Собственно говоря, недоразумение происходит от различия понятий насчет пределов вопроса.
Пределы эти чрезвычайно раздвинулись в текущее столетие. От прежнего восточного вопроса осталось одно название; все прочее — сущность и размеры — стали иными. Можно проследить с чрезвычайной точностью внутренний рост вопроса по отношениям, в какие постепенно становилась к нам Австрия при каждой из наших турецких войн. Никакой барометр не показывает так верно погоду, как степень неприязни Австрии к нам — состояние восточного вопроса, потому что для нее этот вопрос не политический, как для Франции и Англии, а свой, жизненный, в такой же мере, как для нас — только в обратном смысле.
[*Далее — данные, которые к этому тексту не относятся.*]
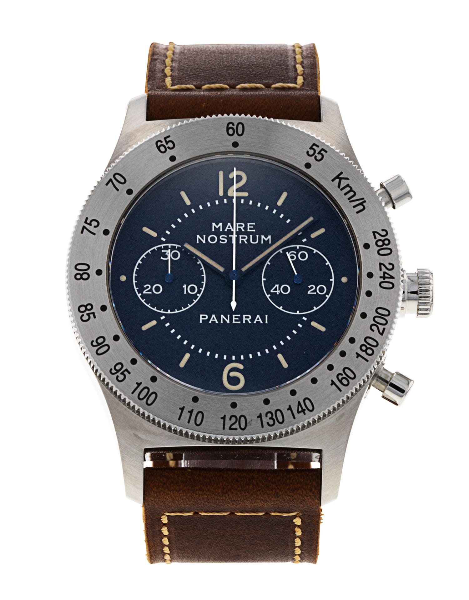 This Panerai Mare Nostrum PAM00716 has a blue baton dial and a leather strap. This Panerai has undergone a thorough inspection of accuracy, functionality and condition at our Panerai certified service centre to determine the level of reconditioning required to meet our strict standards. It has also been checked against our records to ensure authenticity. All our watches have a 24-month warranty for your peace of mind.

В 1786 году был заключен союз между Екатериной II и Иосифом II для завоевания, раздела и перерождения европейской Турции. В этом союзе выразилась в последний раз мысль, триста лет занимавшая Европу, об изгнании неверных варваров из ее пределов, — разумеется, с приманкой личных интересов. Единоверие наше с балканскими народами значило тогда много для турецких раиев[122] и мало для Европы; единокровие наше с ними не имело значения ни для кого: стремления к народности еще не существовало. Мы отдавали Австрии гуртом православных славян Сербии и Боснии, она обещала за то помогать нам в восстановлении Византийской империи; о другом преемнике для Турции еще никому не думалось. Славян делили, как товар, между немцами и греками. На таких основаниях Австрия могла быть заодно с нами.
В 1807 году она смотрела на дело уже другими глазами, вследствие нежданного и успешного восстания сербов[123]. Могло ли государство, населенное 19 миллионами порабощенных славян, видеть равнодушно этих новых турецких наследников, и где же? — вдоль границы Кроации[124] и Воеводины. В действиях Австрии выказался тогда же новый план политики по восточному вопросу, которому с тех пор она следовала неуклонно. Венский кабинет употребил в ту пору все зависящие от него средства, чтобы разорвать союз Франции с Россией, грозивший ему одной только, но для него невыносимой опасностью — уступками со стороны Франции по восточному вопросу. Для избежания подобной сделки, более чем для чего-либо другого, Австрия сначала бросилась в войну с Наполеоном, потом отдала за него свою эрцгерцогиню и пошла к нему в союз.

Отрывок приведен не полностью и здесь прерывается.